# [Work instructions]
List each line of the data that holds the string "importante", please.

======== Data

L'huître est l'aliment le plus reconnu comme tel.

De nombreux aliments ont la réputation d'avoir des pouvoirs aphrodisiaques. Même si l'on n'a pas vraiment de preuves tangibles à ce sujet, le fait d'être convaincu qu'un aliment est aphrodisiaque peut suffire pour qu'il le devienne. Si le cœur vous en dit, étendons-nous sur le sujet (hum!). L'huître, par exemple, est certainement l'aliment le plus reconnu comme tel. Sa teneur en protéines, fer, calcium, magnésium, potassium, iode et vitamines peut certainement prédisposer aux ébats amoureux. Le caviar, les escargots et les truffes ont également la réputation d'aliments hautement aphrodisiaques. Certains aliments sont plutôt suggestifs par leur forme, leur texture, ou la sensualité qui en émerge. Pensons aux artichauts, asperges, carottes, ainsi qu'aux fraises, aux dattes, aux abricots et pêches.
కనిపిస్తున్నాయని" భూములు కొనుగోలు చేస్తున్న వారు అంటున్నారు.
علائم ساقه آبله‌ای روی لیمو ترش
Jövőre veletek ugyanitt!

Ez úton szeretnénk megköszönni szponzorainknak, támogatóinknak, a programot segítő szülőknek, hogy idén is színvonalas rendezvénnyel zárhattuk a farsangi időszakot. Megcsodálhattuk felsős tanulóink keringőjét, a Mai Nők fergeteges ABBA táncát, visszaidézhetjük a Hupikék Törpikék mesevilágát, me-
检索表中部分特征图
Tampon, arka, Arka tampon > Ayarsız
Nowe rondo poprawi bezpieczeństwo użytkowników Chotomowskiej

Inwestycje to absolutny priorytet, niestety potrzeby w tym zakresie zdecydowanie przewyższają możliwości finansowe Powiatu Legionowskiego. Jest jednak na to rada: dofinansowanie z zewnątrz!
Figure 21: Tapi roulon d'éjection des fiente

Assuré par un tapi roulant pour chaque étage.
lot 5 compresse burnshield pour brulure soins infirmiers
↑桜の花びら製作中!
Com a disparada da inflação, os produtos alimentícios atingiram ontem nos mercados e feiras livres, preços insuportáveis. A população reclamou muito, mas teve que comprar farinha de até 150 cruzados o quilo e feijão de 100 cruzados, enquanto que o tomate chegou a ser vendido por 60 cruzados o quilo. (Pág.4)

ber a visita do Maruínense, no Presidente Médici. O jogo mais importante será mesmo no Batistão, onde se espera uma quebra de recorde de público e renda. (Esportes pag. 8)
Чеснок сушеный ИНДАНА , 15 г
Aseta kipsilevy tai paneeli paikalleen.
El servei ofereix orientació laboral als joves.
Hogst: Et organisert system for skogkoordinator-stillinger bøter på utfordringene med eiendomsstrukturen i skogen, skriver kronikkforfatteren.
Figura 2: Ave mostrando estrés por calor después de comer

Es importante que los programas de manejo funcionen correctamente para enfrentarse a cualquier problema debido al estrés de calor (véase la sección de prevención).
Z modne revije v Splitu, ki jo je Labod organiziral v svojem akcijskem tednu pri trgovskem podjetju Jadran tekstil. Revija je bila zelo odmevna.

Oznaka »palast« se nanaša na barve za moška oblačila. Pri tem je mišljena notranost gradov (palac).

================

# [Exercise output]
ber a visita do Maruínense, no Presidente Médici. O jogo mais importante será mesmo no Batistão, onde se espera uma quebra de recorde de público e renda. (Esportes pag. 8)
Es importante que los programas de manejo funcionen correctamente para enfrentarse a cualquier problema debido al estrés de calor (véase la sección de prevención).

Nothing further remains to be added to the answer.